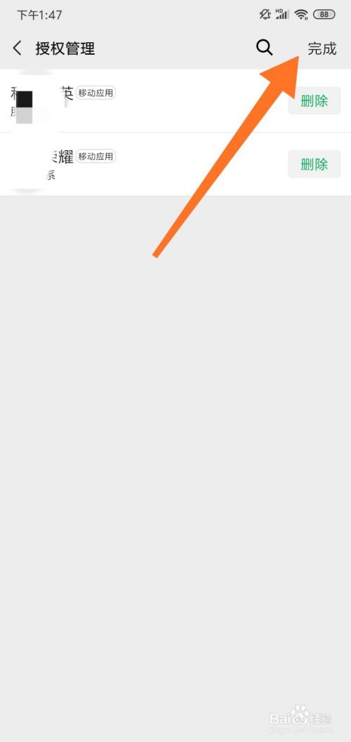 进入授权管理页面,列表上都是微信曾经授权登录过的程序应用,点击右上角管理;
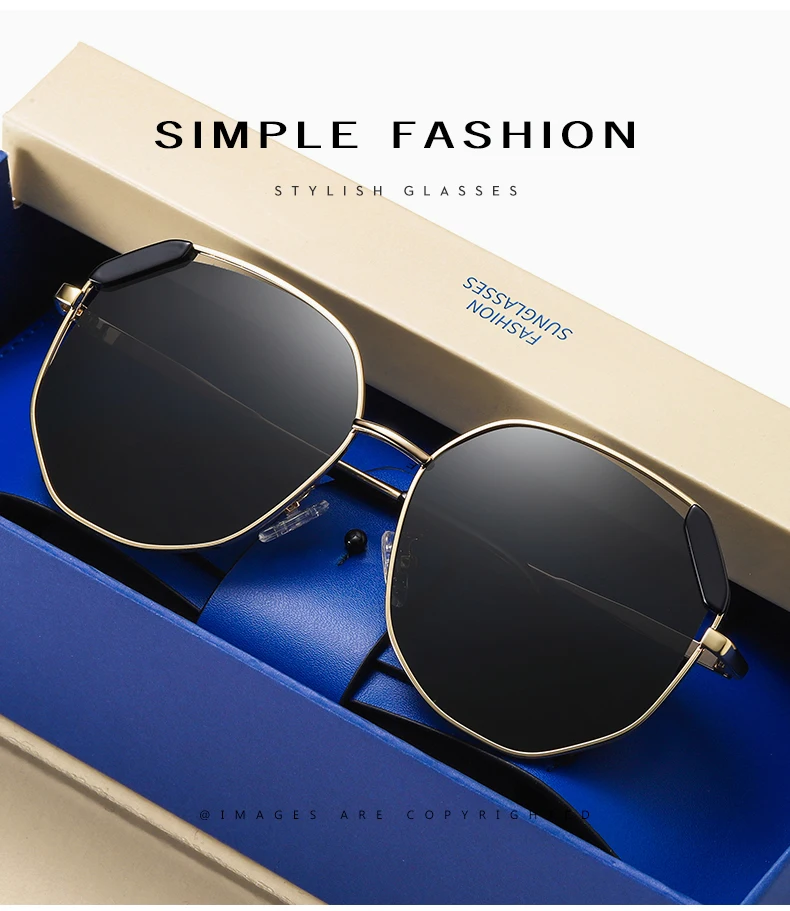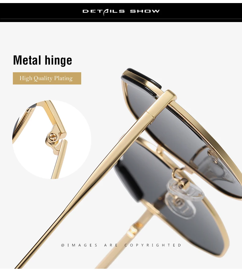 1. Удобный дизайн висков, легко подходит для человеческого тела 2. Подходит для лица и уменьшает давление на переносице 3. Петля высокого качества для плавного открытия и закрытия 4. Средства защиты от солнца для путешествий на автомобиле 5. Изысканная толстая металлическая рама 6. Модные затемняющие и УФ-Защитные женские нестандартные солнцезащитные очки
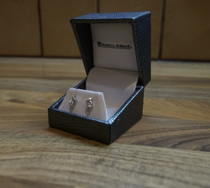 Характеристики бриллиантов (оценка эксперта в магазине Rogers&Hollands, в котором я покупал в США): цвет 4 (I), чистота 6 (I1), вес (общий, для двух сережек) 0,24 карата (1/4 kt).
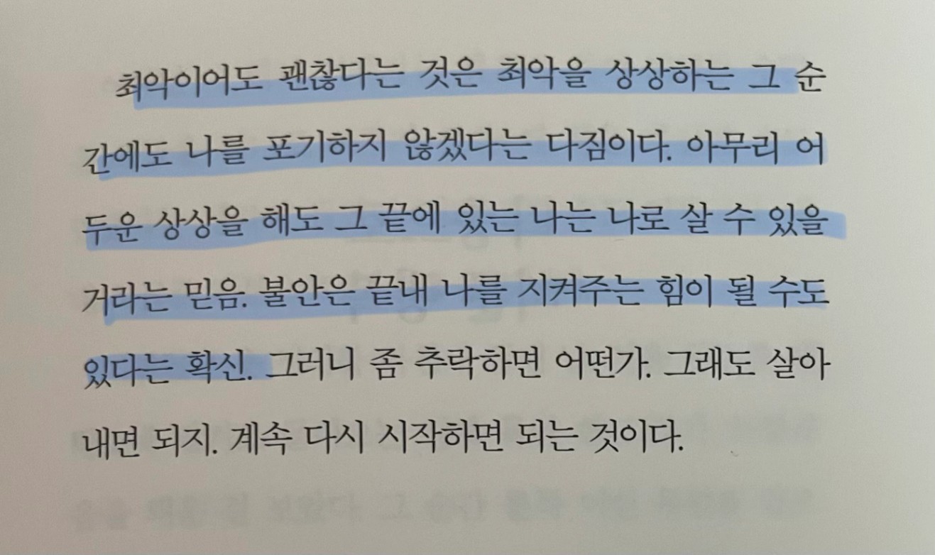 p.47 최악이어도 괜찮다는 것은 최악을 상상하는 그 순간에도 나를 포기하지 않겠다는 다짐이다. 아무리 어두운 상상을 해도 그 끝에 있는 나는 나로 살 수 있을 거라는 믿음. 불안은 끝내 나를 지켜주는 힘이 될 수도 있다는 확신. 그러니 좀 추락하면 어떤가.
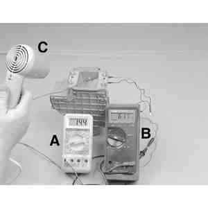 an ohmmeter (B) and a hairdryer (C), measure the resistance fluctuation
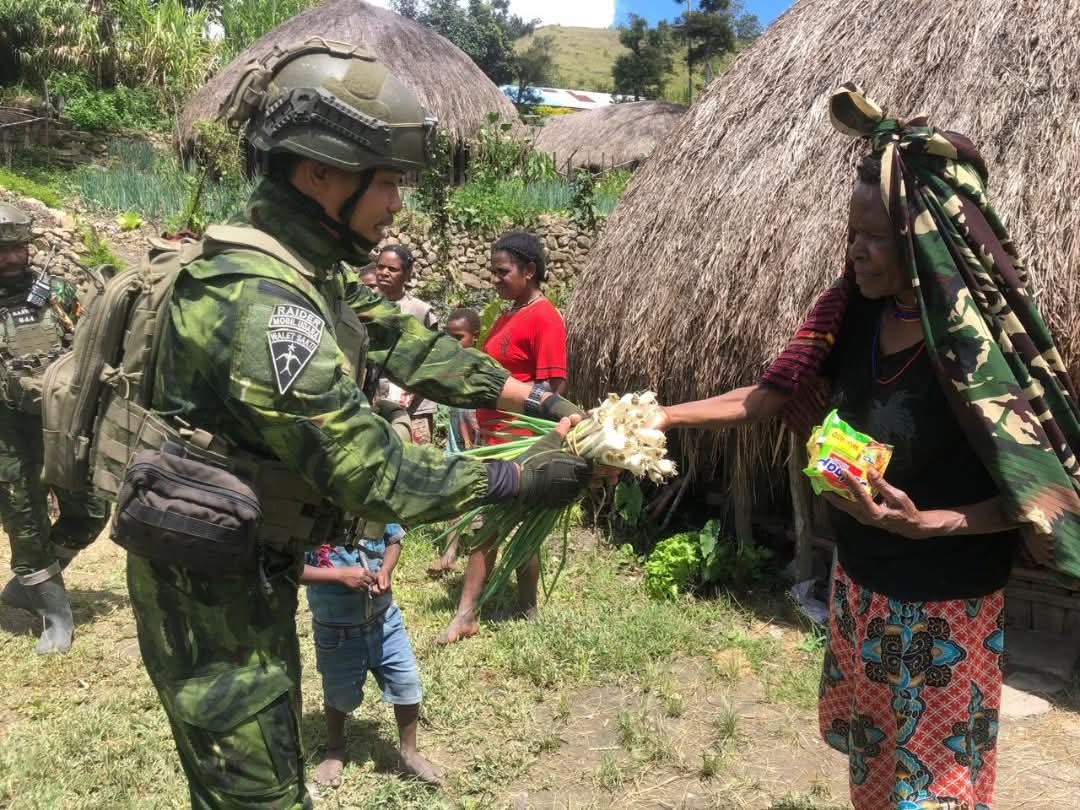 CyberTNI.id | Yahukimo Papua, Jumat 26 September 2025 – Personel Satgas Mobile Yonif 644/Walet Sakti Pos Mugi melaksanakan kegiatan komsos, membantu masayarakat bercocok tanam dan pelayanan kesehatan kepada masyarakat di Kampung Ugem, Distrik Mugi, Kabupaten Yahukimo, Papua Pegunungan. Kegiatan ini menjadi momen kebersamaan sekaligus bentuk nyata kepedulian TNI terhadap keamanan dan pelayanan masyarakat setempat, Jumat (26/09/2025).
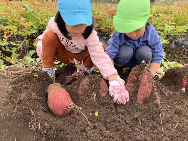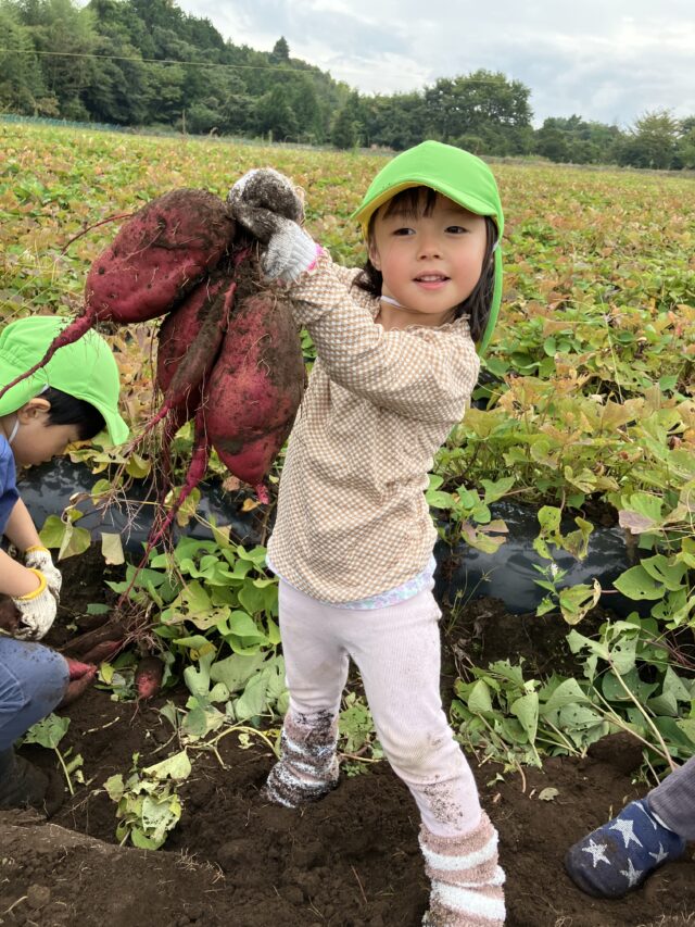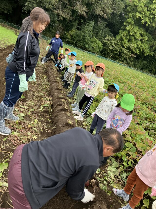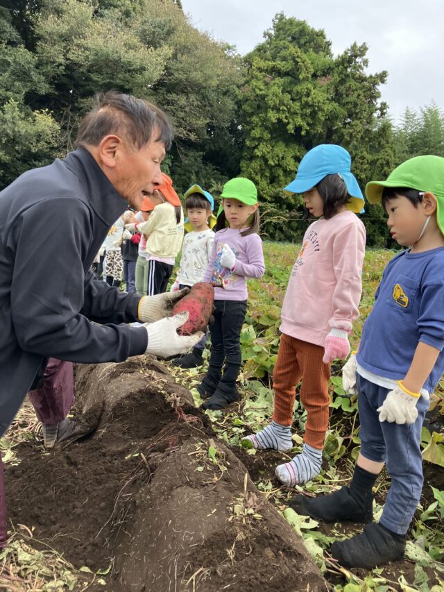 幼児クラスで原体験バスに乗ってサツマイモ掘りに行ってきました。
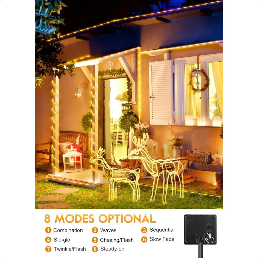 Solar Rope Lights 39FT 100LED Outdoor Solar String Lights IP65 Waterproof Solar Powered Fairy Lights with 8 Lighting Modes for
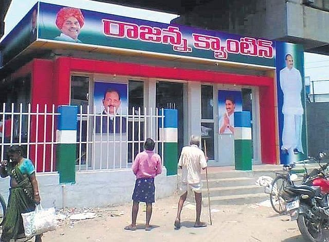 GUNTUR: One of the three Anna Canteens in Narasaraopet town of Guntur district now holds a banner with Rajanna Canteen printed on it. The building that houses the facility has been decorated with the YSRC flags and life-size cutouts of former Chief Minister late YS Rajasekhara Reddy.
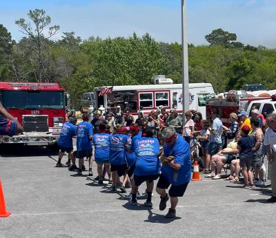 Four Rotary clubs in Florida flexed their muscles with a fire truck pull to raise more than $15,000 to refurbish the entrance of an assisted living facility. Sixteen teams competed to be the fastest to tug the 17-ton truck 50 feet across the parking lot of a sponsoring brewpub. Led by the Rotary Club of Mid-Bay Bridge (Choctawhatchee Bay), the April event drew about 400 people. Joining the effort were the Rotary clubs of Destin, Fort Walton Beach, and Niceville-Valparaiso, which sponsored the winning team of Niceville High School football players. Members of two Knights of Columbus chapters and the Boggy Sisters, a senior support group, assisted the Rotarians. Community partnerships “lightened the load and made the event possible,” says Steve Wolfrom, immediate past president of the Mid-Bay Bridge club.

(The problem):
Using the listing above, restate exactly the range between the lines holding "an ohmmeter (B)" and "GUNTUR: One of", inclusive, with pictures left out.

(Worked solution):
 an ohmmeter (B) and a hairdryer (C), measure the resistance fluctuation
 CyberTNI.id | Yahukimo Papua, Jumat 26 September 2025 – Personel Satgas Mobile Yonif 644/Walet Sakti Pos Mugi melaksanakan kegiatan komsos, membantu masayarakat bercocok tanam dan pelayanan kesehatan kepada masyarakat di Kampung Ugem, Distrik Mugi, Kabupaten Yahukimo, Papua Pegunungan. Kegiatan ini menjadi momen kebersamaan sekaligus bentuk nyata kepedulian TNI terhadap keamanan dan pelayanan masyarakat setempat, Jumat (26/09/2025).
 幼児クラスで原体験バスに乗ってサツマイモ掘りに行ってきました。
 Solar Rope Lights 39FT 100LED Outdoor Solar String Lights IP65 Waterproof Solar Powered Fairy Lights with 8 Lighting Modes for
 GUNTUR: One of the three Anna Canteens in Narasaraopet town of Guntur district now holds a banner with Rajanna Canteen printed on it. The building that houses the facility has been decorated with the YSRC flags and life-size cutouts of former Chief Minister late YS Rajasekhara Reddy.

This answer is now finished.